As Adams and McGarity pat themselves on the back for the way they’ve threaded the needle on Richt’s compensation, I can’t help but wonder something that I’ve wondered before. How much is Mark Richt motivated by incentive clauses? Does this sound like somebody who lives to squeeze every nickel he can out of life?
“I’m not gonna work any harder to get these guys graduated because of a bonus or because of a policy. My intention from the first day I got to Georgia is to do everything we possibly can to support these guys and motivate these guys and discipline these guys if need be to take care of their academic responsibilities. It doesn’t change the way we do anything.”
Not to these ears.
Indeed, this whole thing smacks of the NeSmith silliness from a few years ago. The truth is that this attention to incentives isn’t so much about motivating Richt as it is about making a goodly chunk of the fan base (including some who are involved in the decision-making process) feel better. That this kind of thinking has gone from mockworthy to being taken seriously says a lot more about us than it does about Richt, I’m afraid.
I’m not saying that to defend Richt. Westerdawg’s message board post about the coach having nobody to blame but himself for where fan support is now is spot on, in my opinion. But the idea that this new contract emphasis on performance incentives will be some sort of magic bullet that will spur Richt to higher levels of accomplishment is unserious thinking at its worst. I don’t know whether the source for that is Adams, McGarity or both, but if you’re a fan of the program, or of Georgia athletics in general, it should trouble you.
And speaking of Georgia athletics, McGarity’s announcement that David Perno’s continued employment at Georgia is not a matter in jeopardy (“It’s not even an issue.”) makes for an interesting juxtaposition here. Not in the decisions themselves – Richt’s dismissal isn’t even on the table after a successful 2011 season – but in the difference in the firmness displayed in the calls. Empires have risen and fallen in less time than it’s taking to put Richt’s new deal to bed, yet McGarity is able to affirm Perno’s status, despite increasingly shaky results, in the blink of an eye.
Groo’s linked post raises a good point.
It is, though, an attempt to understand the expectations that the athletic department has of the Georgia baseball program. McGarity will be held to his own rubric for evaluating coaches which includes this expectation: “Develop a program that is competitive in the SEC and nationally, understanding that the definition of ‘competitive’ is different from sport to sport.”

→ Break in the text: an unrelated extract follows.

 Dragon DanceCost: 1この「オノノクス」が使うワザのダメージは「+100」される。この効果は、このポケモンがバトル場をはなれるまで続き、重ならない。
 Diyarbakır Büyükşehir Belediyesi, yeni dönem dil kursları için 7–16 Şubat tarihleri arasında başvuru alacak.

That’s what’s puzzling about McGarity’s statements about the state of the program. Over the long term, and that matters, Perno has taken Georgia to half of its College World Series.
All of which makes me wonder if there isn’t something of a double standard in play here. How would the fan base and, more importantly, how would Adams, McGarity and the Athletic Board feel today about Richt if his career in Athens had played out in the context of, say, a sixteen-team D-1 football playoff?

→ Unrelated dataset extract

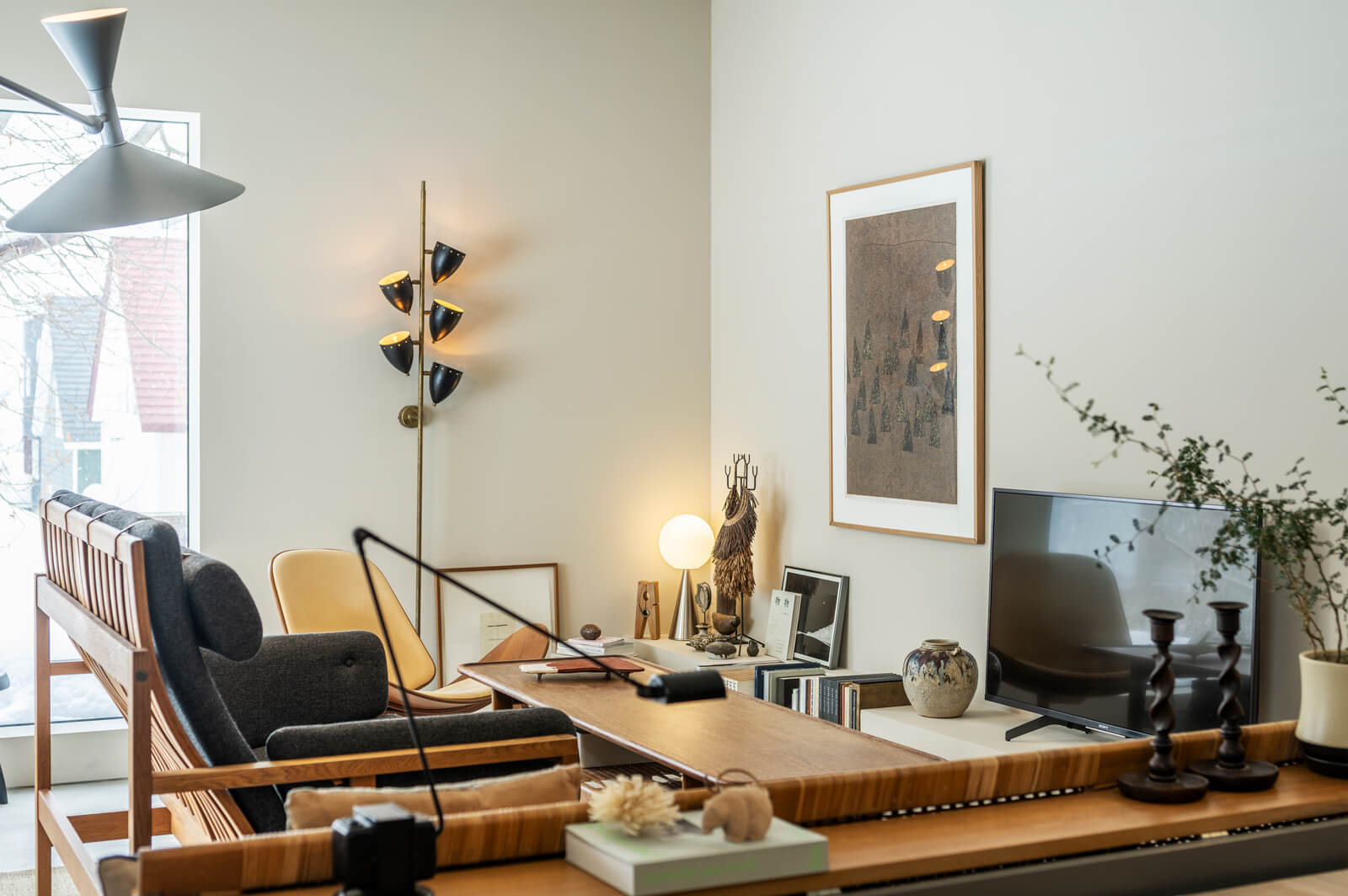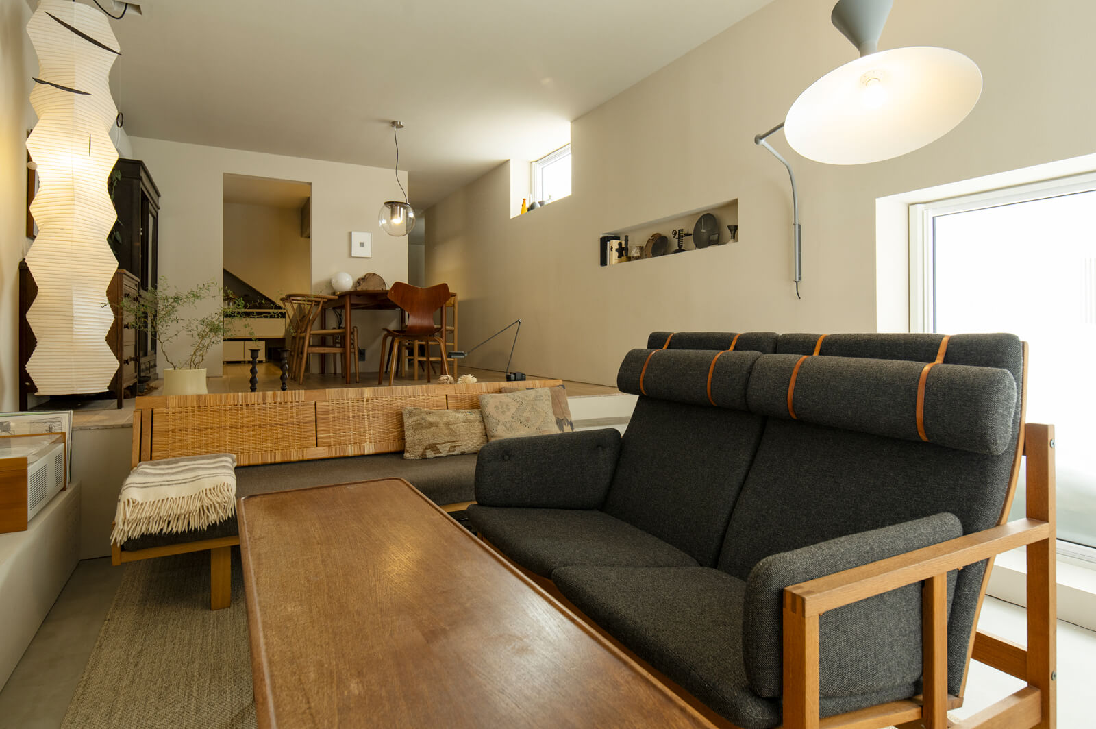 リビングの空間デザインの核は、モーエンセンの2シーターソファとウェグナーのデイベッド。可動式ネックレストが機能美を湛えるソファ、籐編みの背もたれをスライドさせるとベッドへと姿を変えるデイベッドは、いずれも10年ほど前にインターネットで見つけたビンテージ品です。

I believe I recently read that Georgia is one of only three SEC schools never to win a conference title in baseball. Given the way college baseball is structured these days, that’s close to an irrelevancy – just ask South Carolina – but can you imagine the hue and cry if that were the case with Georgia’s football program over the past decade or so? (In fact, it was the case in the nineties and you see where that got Goff and Donnan.)
We’re in a weird place, man.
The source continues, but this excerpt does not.